··· COLLECTED DATA ···

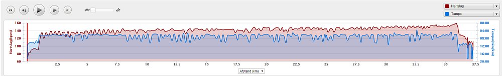 * lap: 35 km – 6.44 min/km (3.55.42) – 143(160) – cadans 78 zonder metronoom – stride 0.95 mtr
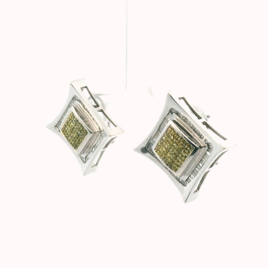 14K White Gold Yellowish Green & White Diamond Earrings
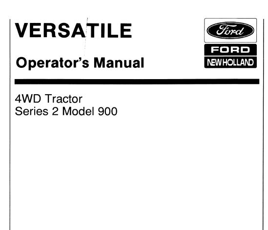 Read This Versatile 900 Series 2 4WD Tractor Operator’s Manual carefully to learn how to operate and service your machine correctly. Failure to do so could result in personal injury or equipment damage.

···

AIM OF THE EXERCISE: Except for the pictures, return every line of the material exactly.

ANSWER SECTION:
 * lap: 35 km – 6.44 min/km (3.55.42) – 143(160) – cadans 78 zonder metronoom – stride 0.95 mtr
 14K White Gold Yellowish Green & White Diamond Earrings
 Read This Versatile 900 Series 2 4WD Tractor Operator’s Manual carefully to learn how to operate and service your machine correctly. Failure to do so could result in personal injury or equipment damage.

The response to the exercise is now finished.